Am J Pharm Benefits. 2017;9(3):-0
Head and neck cancers account for approximately 3% of all cancer diagnoses and 2% of cancer-related deaths in the United States.1 In 2015, an estimated 45,780 Americans were diagnosed with head and neck cancers, of which 90% were of squamous cell histology.1-3
Currently, the estimated 5-year survival rate for all patients diagnosed with squamous cell carcinoma of the head and neck (SCCHN) is 60%. Of those diagnosed with SCCHN, 60% are diagnosed with locally or regionally advanced disease, generally denoting a poorer prognosis.1,4,5
Fortunately, recent data from the American Cancer Society demonstrate a steady annual decrease in SCCHN mortality of approximately 2% for women. Mortality in men has since stabilized.1 The decrease in mortality is likely attributable to advances in the management of head and neck cancers.1 The National Comprehensive Cancer Network clinical practice guidelines recommend combined modality therapy for patients diagnosed with locally or regionally advanced disease.
Currently, first-line recommendations include combining radiation therapy with chemotherapy (eg, cisplatin) or with biologic therapy.5 Cetuximab is a biologic therapy, an epidermal growth factor receptor inhibitor approved in 2006 for use in patients with locally or regionally advanced SCCHN in combination with radiation therapy.6-8
Second-line options include surgery, radiation (if not previously given), or systemic therapy with various single-agent chemotherapeutic options: cisplatin, carboplatin, docetaxel, cetuximab, or fluorouracil.5
With the rising cost of cancer care in the United States, new therapies must be critically evaluated in regard to their economic value.

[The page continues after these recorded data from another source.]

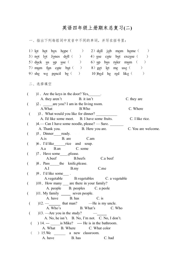 当前位置: 首页小学资源小学四年级正文 四年级英语上册PEP新版期末总复习题(2)(人教PEP)_共3页 小学四年级 1 周前 0 0 5 以上为部分内容预览,如需源文档请登录您的会员账号进行下载! 声明:本站所有文章,如无特殊说明或标注,均为本站原创发布。任何个人或组织,在未征得本站同意时,禁止复制、盗用、采集、发布本站内容到任何网站、书籍等各类媒体平台。如若本站内容侵犯了原著者的合法权益,可联系我们进行处理。 尚学资源永久会员 打赏 收藏 海报 链接
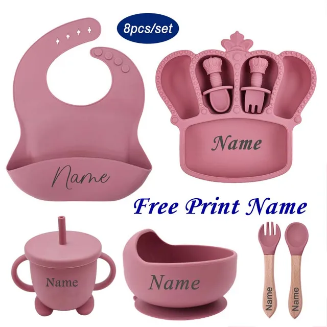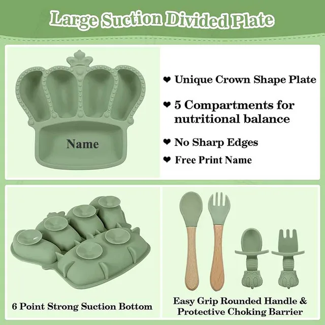 Personalized Name Baby Feeding Plate Dishes Silicone Tableware Crown Plate Spoon For Kids Newborn Gift Children’s Dinner Utensils BPA Free Shipping
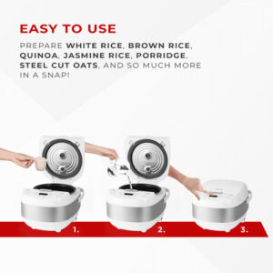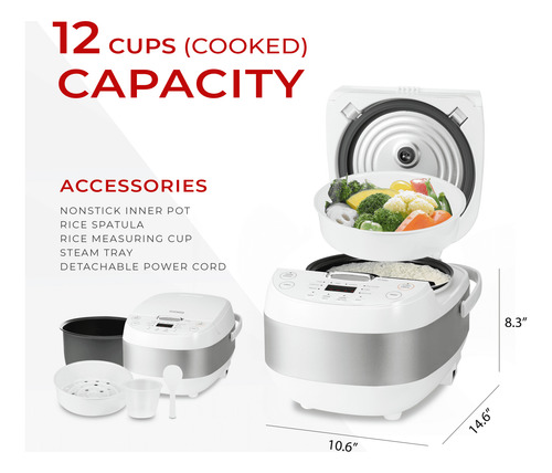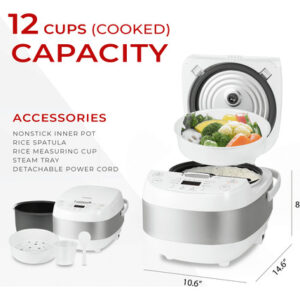 Capacidade média a grande: a panela de arroz de 6 xícaras (12 xícaras cozidas) oferece a quantidade perfeita para porções pequenas ou famílias de pequeno a médio porte
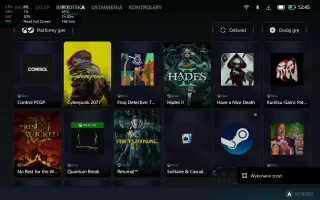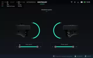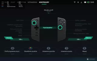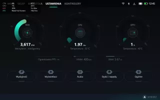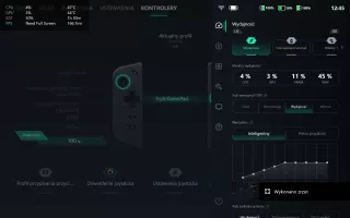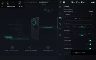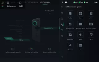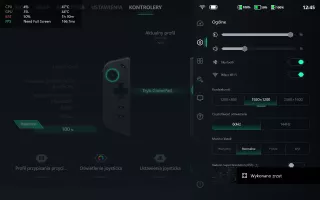Oprócz tego, korzystając z drugiego przycisku funkcyjnego, umieszczonego na prawym kontrolerze, możemy otworzyć boczny panel z szybkimi opcjami. Z jego poziomu zmienimy rozdzielczość, plan zasilania, a także skorzystamy ze skrótów klawiaturowych i umieścimy na ekranie informacje dotyczące liczby klatek na sekundę, temperatury czy stanu baterii.

Multiple factors, including extent of care, advancements in diagnostic capabilities, and increases in cancer prevalence rates, have contributed to this rise in recent years.9-11
The growing use of newer drug therapies, such as biologic agents, is often cited as one of the primary drivers of increasing cancer costs.10,12 However, available cost analyses of head and neck cancers have been limited to time periods preceding approval of these newer treatment modalities.13,14
Differing patterns of care across disease segments (ie, diagnosis, treatment, end-of-life) make it difficult to quantify the costs of managing specific cancers5,15-18; however, a longitudinal evaluation of incidence-based direct medical costs for specific cancers can be used to estimate long-term costs for managing patients with cancer.19 The objective of this study was to describe the segmented (diagnosis, treatment, end-of-life) and total direct medical costs associated with the management of SCCHN.
This was a retrospective, observational, cohort study utilizing data from a private payer claims database (PharMetrics Choice) spanning the period from September 1, 2002, through March 1, 2010. The study was approved by the institutional review board at the University of Texas Health Science Center at San Antonio.

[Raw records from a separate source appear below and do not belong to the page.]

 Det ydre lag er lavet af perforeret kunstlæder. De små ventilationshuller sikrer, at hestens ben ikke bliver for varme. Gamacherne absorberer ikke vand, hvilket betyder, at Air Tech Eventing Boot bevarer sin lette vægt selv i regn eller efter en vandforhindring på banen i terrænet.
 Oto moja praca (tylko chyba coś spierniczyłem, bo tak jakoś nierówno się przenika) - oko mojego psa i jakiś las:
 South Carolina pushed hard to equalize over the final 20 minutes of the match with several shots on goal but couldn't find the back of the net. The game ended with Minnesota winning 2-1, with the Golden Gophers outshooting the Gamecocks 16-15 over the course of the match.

The PharMetrics database is an integrated patient-level database of pharmacy and medical claims from more than 90 commercial health plans in the United States. The database is representative of commercially insured patients across the United States and captures various claims rendered, such as laboratory and diagnostic tests, outpatient physician visits, hospitalizations, outpatient clinic visits, and pharmacy-related costs.

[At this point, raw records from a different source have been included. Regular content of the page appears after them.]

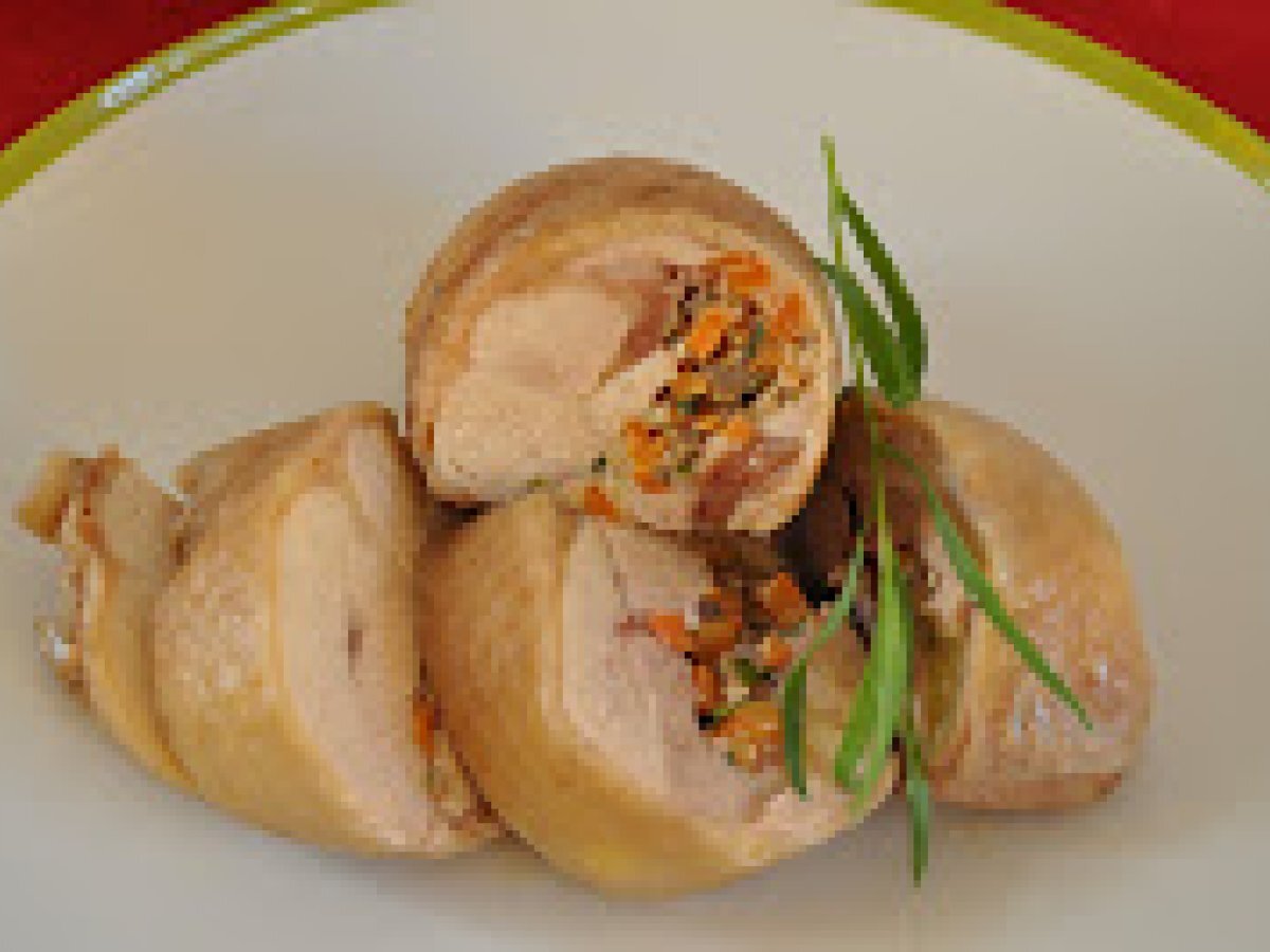 Hauts de cuisses de poulet, carottes champignons et estragon Platfacile45 min Envoyer cette recette à un ami Imprimer cette page Poser une question à l'auteur Publier votre photo de cette recette Ingrédients 4 2 hauts de cuisse de poulet assez gros et avec la peau une carotte un demi-oignon 50 g de champignons de Paris 4 tiges d'estragon frais 4 tiges de persil 15 g de fromage Comté râpé 15 g de noix de Grenoble une cuillère à soupe de crème fraîche épaisse la moitié d'un oeuf sel poivre noix de muscade Pour la sauce : 100 g de crème fraiche liquide 4 cuillères à soupe de jus de poulet recueilli après sa cuisson l'autre demi-oignon ciselé deux cuillères à soupe de vin jaune ou de Noily Prat 25 g de noix de Grenoble Pour accompagner : du quinoa cuit un peu de duxelles de carottes d'oignons de courgettes
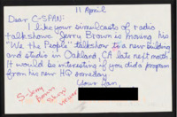 Letter to C-SPAN, 1995-04-11 Enjoys C-SPAN's simulcasts and suggests Jerry Brown's talkshows. -
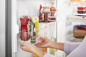 Make space for tall condiments and wine bottles in the door with bins that quickly and easily slide up or down, even when fully loaded.
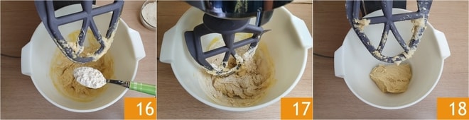 Em seguida, incorpore o restante da farinha (150 g), algumas colheres de cada vez 16. Continuando a amassar 17, você notará que aos poucos a massa começará a tomar forma e se desgrudará das laterais da tigela 18.
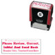 This respectable rubber stamp design features the message "Please Review, Correct, Initial And Send Back", plus a line for a signature or initials to be written above. It also features a customised educator or teacher name. It could perhaps be be used by a teacher, tutor or educator to ask a student’s parent(s) or guardian(s) to review and acknowledge the grade that a student received on a test, a paper, an essay, a quiz, or some other school assignment.
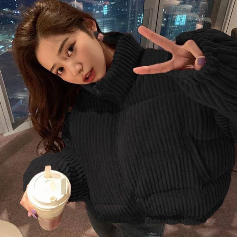 Зимние винтажные вельветовые парки, толстые женские теплые свободные повседневные хлопковые куртки с подкладкой, Женские однотонные черные элегантные пуховики New2022
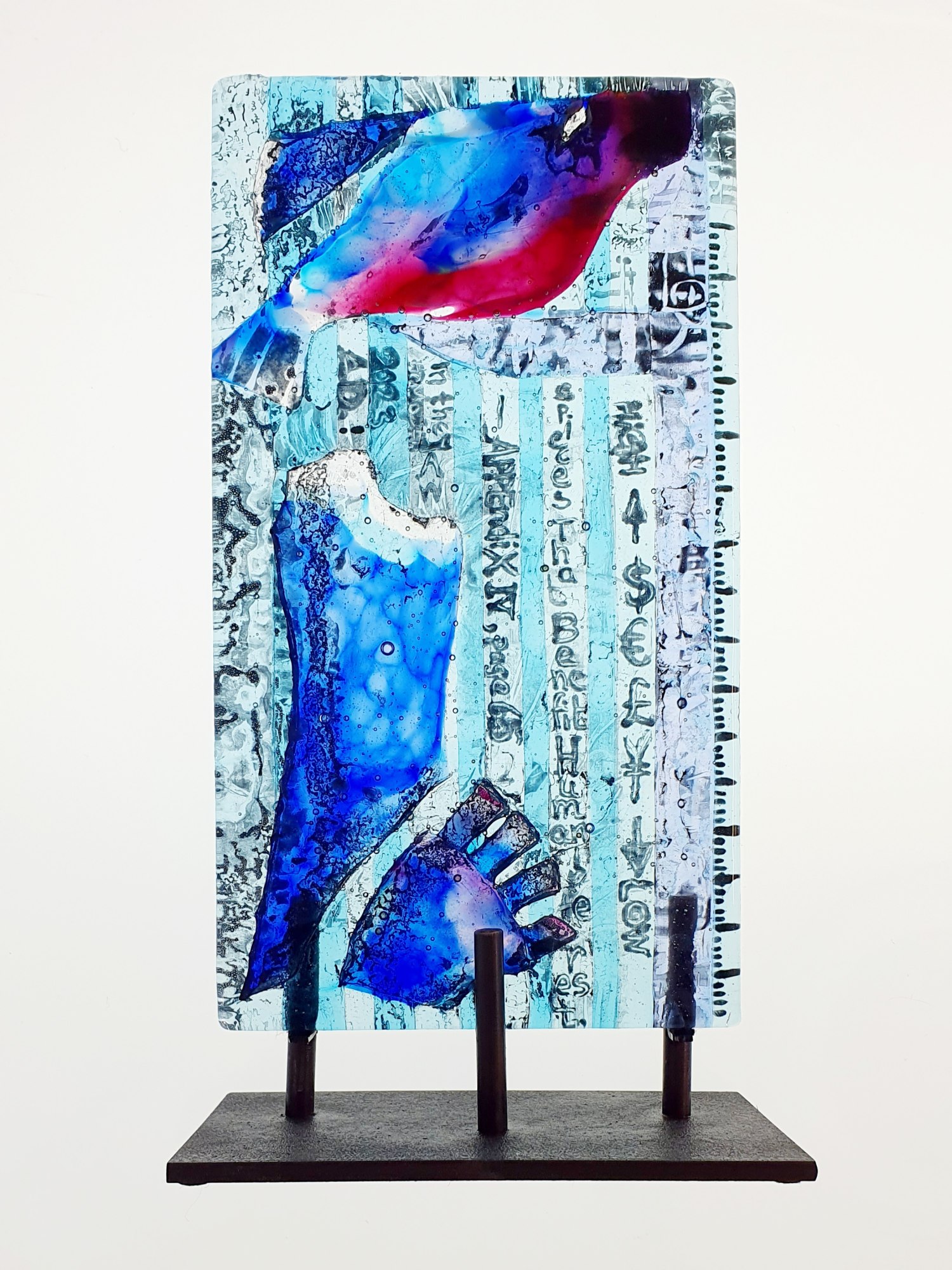 Transparent glass in shades of blue and lavender, fused several times to form a 9 mm thick panel. Textured back and black enamel paintings inside the glass. Mounted on an iron base. Dimensions without base 265X145 mm. Transparent glass that you can see through. Best placed in a window, but also in a room against a light wall.

The PharMetrics Choice database (derived from the PharMetrics database) excludes claims for carve-outs, patients who lack integrated pharmacy and medical benefits, plans that have failed to submit data for the previous 2 years, and plans that lack membership tables. In 2010, more than 55 million patients were included in the PharMetrics Choice database.
All patients 20 years or older and enrolled in an eligible health plan for more than 1 day between March 1, 2003, and March 1, 2008, (the enrollment period) were considered for initial sampling. Individuals with advanced or locally advanced SCCHN were identified using an algorithm developed for use with healthcare claims data (Figure 1).20,21
Diagnosis of new SCCHN cases was determined by the presence of at least 1 inpatient or 2 outpatient claims suggestive of head and neck malignancies at sites with a high proportion of squamous cell histology. These claims were identified using International Classification of Diseases, Ninth Revision, Clinical Modification (ICD-9-CM) codes 140.X to 148.X, 161.X, 195.0, and 196.0. The date of the first claim for SCCHN was assigned as the index date.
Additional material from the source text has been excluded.